BIG UPDATE: AI Agent Now Calls And Book Appointments - OpenAI Realtime API
Based on All About AI's video on YouTube. If you like this content, support the original creators by watching, liking and subscribing to their content.
OpenAI Realtime API updates add speech-to-speech calling with five new expressive, steerable voices.
Briefing
A new OpenAI Realtime API update is making AI phone agents more practical and more natural at booking appointments—now with speech-to-speech calling, more expressive steerable voices, and lower operating costs via prompt caching. In live examples, the agent calls dental offices, asks about availability for a specific day, and then extracts structured details like the business name and whether appointments exist, even when callers don’t provide all the context the agent later references.
One recorded call with Lumia Dental shows the agent successfully navigating a typical scheduling flow: it asks for Friday availability, clarifies the visit type (“cleaning and a checkup”), and offers specific time slots (9:45 or 12:30). The system then captures the outcome—an appointment is available—along with the company name. Across multiple attempts, results were strong: eight conversations were run, with six completed successfully and two failures, and the agent’s “completion” rate was described as high.
The update’s technical headline is speech-to-speech capability powered by five new voices. Compared with earlier voice options, these voices are described as more expressive and easier to steer, producing speech that sounds more natural during the back-and-forth of a phone call. Cost is the other major lever: prompt caching reduces pricing for cash text inputs by 50% and for other inputs by 80%, which the creator frames as a key step toward making autonomous calling financially viable.

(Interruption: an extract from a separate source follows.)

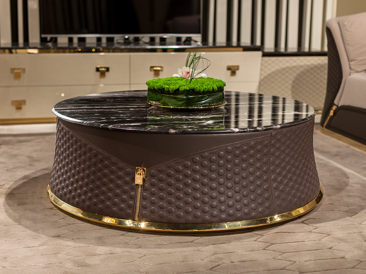 Bàn cafe Vogue gây ấn tượng bởi những đường nét tinh xảo và chi tiết trang trí sang trọng. Thiết kế chân loe nhẹ bọc da thêu, kết hợp khóa kéo kim loại vàng và chân đế hình kim cương mang đến vẻ độc đáo riêng biệt. Mặt bàn có thể tùy chọn giữa đá marble hoặc gỗ sơn bóng, phù hợp nhiều phong cách không gian khác nhau.
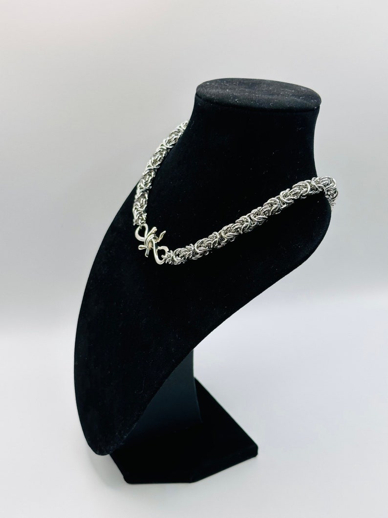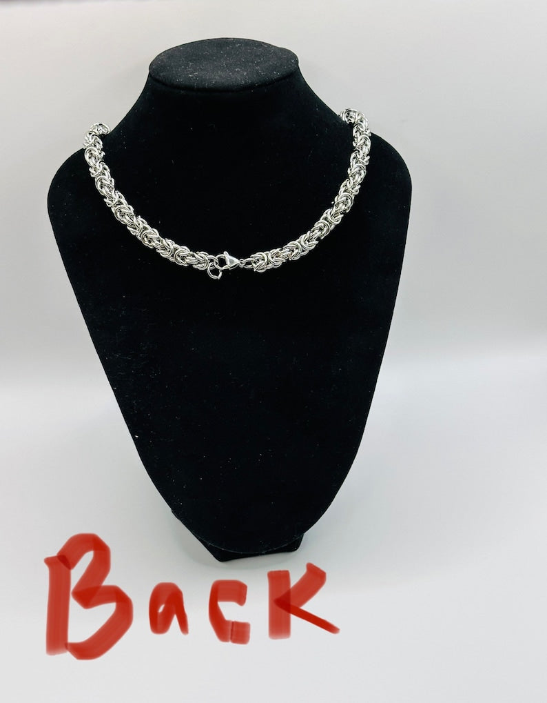 Make a bold fashion statement with this handcrafted Byzantine chainmail necklace, expertly designed using 8mm solid stainless steel jump rings for unmatched durability and style. Featuring a barbed wire-inspired pattern with brass connectors for a striking contrast, this edgy necklace is the perfect blend of craftsmanship and attitude.

The setup relies on a pipeline that turns audio into text and then pulls out only the information needed. Calls are transcribed using Whisper, and structured outputs from OpenAI are used to extract fields such as the company name, whether an appointment is available, and the relevant day. The agent’s behavior is guided by a system message and simple instructions—introduce itself, ask for appointments on Friday, and handle follow-ups like “call back to confirm.”
In practice, the agent can also handle partial or unexpected prompts. Studio Smiles Dental Office responded that Friday was fully booked; the agent remained polite, and the extracted data still captured the key fact: no appointments available. A second “best” example with Expert Dental was more nuanced. The caller never explicitly said it was a new patient or specified “Friday the 8th,” yet the agent still asked about being a new patient and later confirmed “Friday the 8th,” then offered times (9:00 a.m., 10:00 a.m., or 2:00 p.m.). The creator flags an ethical unease—whether this kind of assumption or improvisation is acceptable—but argues it may become normal as these systems spread.
Overall, the update positions AI calling as a near-term automation tool for appointment scheduling: it can conduct realistic phone conversations, extract structured scheduling data reliably, and do so with improved voice quality and reduced cost—while raising new questions about consent, transparency, and how much the agent should infer beyond what the caller provides.
Cornell Notes
OpenAI’s Realtime API update enables AI agents to handle speech-to-speech phone calls with five new voices that are more expressive and steerable. In appointment-booking trials, the agent calls dental offices, asks about Friday availability, and uses Whisper transcription plus OpenAI structured outputs to extract key details like company name and whether appointments exist. The system also benefits from prompt caching, cutting costs for cached text inputs (50%) and other inputs (80%), making autonomous calling more viable. Examples show the agent can succeed even when callers omit details, though that improvisation raises ethical questions about assumptions during real phone interactions.
What changed in the OpenAI Realtime API that improves real phone-calling agents?
How does the agent turn a phone call into structured appointment data?
What did the Lumia Dental call demonstrate about the agent’s scheduling workflow?
How did the agent handle a fully booked office?
Why did the Expert Dental example raise an ethical concern?
Review Questions
- What roles do Whisper transcription and OpenAI structured outputs play in the appointment-calling pipeline?
- How do prompt caching discounts (50% and 80%) change the economics of running an autonomous calling agent?
- In the examples, what kinds of missing or implied user details did the agent successfully infer—and why might that be ethically sensitive?
Key Points
- 1
OpenAI Realtime API updates add speech-to-speech calling with five new expressive, steerable voices.
- 2
Prompt caching reduces costs: cached text inputs are discounted 50% and other inputs are discounted 80%.
- 3
The calling system uses Whisper to transcribe audio and OpenAI structured outputs to extract scheduling fields like company name and appointment availability.
- 4
In trial calls, the agent captured outcomes such as available time slots (e.g., Lumia Dental) and “fully booked” status (e.g., Studio Smiles).
- 5
The agent can sometimes infer missing details during conversation, which can improve outcomes but raises ethical questions about assumptions.
- 6
Across eight conversations, six completed successfully, with two failures reported.